Bitcoin and other cryptocurrencies fell sharply on Tuesday retreating from near-record highs.
The world’s largest digital coin fell toward $60,000 during late morning trade Singapore time. It recovered some of those losses and was trading at around $60,542 at 9:26 a.m. London time (4:26 a.m. ET), according to Coin Metrics data, is down 5% from 24 hours before.
Currently, Bitcoin is trading at $60,548, 7.66% 24hour decline as of 2.00 P.M East African Time
Ether, the second-largest cryptocurrency by market capitalization meanwhile, fell 6% to $4,229. The impetus behind the price movement was not clear.
China’s state planner, the National Development and Reform Commission (NDRC), said during a press conference Tuesday that it will continue to clean up virtual currency mining in the country
Earlier this year, China cracked down on bitcoin mining leading to an exodus of miners.
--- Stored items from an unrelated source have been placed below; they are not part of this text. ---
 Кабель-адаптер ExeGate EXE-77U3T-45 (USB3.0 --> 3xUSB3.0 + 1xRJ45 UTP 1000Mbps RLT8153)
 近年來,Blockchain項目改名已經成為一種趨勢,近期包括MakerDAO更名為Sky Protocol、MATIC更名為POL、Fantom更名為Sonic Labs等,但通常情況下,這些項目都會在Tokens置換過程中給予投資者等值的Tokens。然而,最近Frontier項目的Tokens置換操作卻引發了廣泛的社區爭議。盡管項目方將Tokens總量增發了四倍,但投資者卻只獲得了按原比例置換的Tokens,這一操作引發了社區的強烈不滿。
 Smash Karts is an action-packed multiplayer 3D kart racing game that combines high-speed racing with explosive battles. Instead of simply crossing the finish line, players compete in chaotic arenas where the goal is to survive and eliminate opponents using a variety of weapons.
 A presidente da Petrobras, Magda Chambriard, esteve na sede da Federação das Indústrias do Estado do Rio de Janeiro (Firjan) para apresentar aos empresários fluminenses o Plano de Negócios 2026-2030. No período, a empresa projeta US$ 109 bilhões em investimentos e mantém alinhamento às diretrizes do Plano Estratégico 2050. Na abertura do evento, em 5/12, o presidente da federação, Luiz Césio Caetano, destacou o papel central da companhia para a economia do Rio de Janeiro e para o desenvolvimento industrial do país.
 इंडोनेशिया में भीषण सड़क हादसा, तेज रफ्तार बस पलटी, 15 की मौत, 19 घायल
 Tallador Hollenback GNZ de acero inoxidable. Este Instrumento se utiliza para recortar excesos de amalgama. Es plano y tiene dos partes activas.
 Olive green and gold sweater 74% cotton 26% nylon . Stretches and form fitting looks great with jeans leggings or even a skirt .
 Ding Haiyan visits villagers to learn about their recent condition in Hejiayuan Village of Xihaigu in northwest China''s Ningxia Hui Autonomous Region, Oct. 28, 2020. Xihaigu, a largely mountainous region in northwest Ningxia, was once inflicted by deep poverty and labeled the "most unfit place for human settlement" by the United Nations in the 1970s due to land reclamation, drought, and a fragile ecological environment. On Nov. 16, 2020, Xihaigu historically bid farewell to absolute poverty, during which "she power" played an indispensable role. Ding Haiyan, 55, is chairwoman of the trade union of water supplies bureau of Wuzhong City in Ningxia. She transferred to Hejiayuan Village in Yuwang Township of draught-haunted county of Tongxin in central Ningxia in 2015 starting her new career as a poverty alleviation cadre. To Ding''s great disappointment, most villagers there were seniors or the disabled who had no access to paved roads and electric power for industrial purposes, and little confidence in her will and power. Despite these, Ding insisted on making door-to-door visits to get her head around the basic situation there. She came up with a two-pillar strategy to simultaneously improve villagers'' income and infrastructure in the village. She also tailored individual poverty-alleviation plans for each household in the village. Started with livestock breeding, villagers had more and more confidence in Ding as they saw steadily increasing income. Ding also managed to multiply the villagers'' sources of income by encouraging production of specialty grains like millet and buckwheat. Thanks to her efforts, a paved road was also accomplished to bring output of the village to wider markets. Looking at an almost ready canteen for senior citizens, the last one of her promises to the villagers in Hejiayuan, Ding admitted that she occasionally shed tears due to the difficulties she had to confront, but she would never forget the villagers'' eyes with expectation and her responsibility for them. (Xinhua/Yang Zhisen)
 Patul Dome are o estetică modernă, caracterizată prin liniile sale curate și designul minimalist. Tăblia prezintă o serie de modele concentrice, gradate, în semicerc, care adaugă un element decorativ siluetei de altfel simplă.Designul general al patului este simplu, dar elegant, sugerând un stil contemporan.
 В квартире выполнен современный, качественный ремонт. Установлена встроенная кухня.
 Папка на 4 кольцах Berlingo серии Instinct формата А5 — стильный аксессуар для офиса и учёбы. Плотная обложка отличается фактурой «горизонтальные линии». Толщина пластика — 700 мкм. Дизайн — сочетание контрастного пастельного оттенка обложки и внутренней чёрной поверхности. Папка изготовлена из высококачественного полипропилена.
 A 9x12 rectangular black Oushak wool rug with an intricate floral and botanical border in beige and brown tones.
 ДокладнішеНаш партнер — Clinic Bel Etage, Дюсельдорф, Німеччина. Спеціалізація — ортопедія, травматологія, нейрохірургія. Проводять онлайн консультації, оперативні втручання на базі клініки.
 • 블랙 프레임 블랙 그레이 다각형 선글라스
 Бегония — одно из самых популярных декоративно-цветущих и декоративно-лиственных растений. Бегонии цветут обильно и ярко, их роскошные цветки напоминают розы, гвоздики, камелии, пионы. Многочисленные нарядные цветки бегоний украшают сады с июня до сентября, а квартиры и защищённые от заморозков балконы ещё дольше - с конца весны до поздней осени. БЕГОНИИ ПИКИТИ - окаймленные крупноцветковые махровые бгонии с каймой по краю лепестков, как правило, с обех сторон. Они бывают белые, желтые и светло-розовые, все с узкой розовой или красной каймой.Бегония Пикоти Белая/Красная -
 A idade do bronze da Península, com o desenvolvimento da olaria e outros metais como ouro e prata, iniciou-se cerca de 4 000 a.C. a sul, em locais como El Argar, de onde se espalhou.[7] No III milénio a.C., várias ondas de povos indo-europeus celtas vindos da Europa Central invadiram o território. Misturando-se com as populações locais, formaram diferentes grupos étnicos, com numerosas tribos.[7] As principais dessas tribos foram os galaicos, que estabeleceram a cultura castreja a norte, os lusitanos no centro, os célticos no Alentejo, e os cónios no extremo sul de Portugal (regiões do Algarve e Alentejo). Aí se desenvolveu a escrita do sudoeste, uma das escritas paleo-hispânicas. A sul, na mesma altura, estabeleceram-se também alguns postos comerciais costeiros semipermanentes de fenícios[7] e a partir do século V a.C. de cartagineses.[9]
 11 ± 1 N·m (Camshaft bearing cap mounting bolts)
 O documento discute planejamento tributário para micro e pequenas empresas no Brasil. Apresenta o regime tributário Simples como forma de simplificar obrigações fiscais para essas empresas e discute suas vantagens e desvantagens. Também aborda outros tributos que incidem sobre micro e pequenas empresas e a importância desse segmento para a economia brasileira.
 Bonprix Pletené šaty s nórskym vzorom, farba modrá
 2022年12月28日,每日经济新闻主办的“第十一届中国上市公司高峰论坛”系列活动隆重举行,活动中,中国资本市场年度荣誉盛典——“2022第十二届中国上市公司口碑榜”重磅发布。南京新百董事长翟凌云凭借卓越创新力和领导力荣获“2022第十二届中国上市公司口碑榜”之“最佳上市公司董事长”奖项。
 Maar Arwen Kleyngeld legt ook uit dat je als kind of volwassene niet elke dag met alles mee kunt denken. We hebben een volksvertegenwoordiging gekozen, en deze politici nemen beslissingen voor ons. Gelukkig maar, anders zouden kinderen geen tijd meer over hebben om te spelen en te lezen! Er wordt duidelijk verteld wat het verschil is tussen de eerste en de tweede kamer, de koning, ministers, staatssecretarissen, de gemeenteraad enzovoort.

Mining is the energy-intensive process that both creates new coins and maintains a log of all transactions of existing digital tokens.
Consequently, Wall Street Journal quoted social media giant Twitter’s CFO Ned Segal saying that investing cash holdings into crypto assets like bitcoin “doesn’t make sense” right now.
Segal cited price volatility and the lack of accounting rules for these assets as critical factors stopping the company from diversifying into cryptocurrencies.
While there was never any expectation of Twitter announcing crypto investments, Segal’s comments likely provided a reason for traders to take some risk off the table in the wake of the rising dollar and controversial crypto tax reporting requirement introduced by the $1 trillion bipartisan infrastructure bill signed by the U.S. President Joe Biden on Monday.
The retreat in cryptocurrency prices also comes as many of them hit all-time highs in November.
Bitcoin reached a record high of $68,990.90 on Nov. 10 with ether following suit on Nov. 11.
“I think we’re seeing a healthy pullback after a 7 week rally from 40K to 69K, which is normal in an upward trend,” Vijay Ayyar, head of Asia Pacific at cryptocurrency exchange Luno.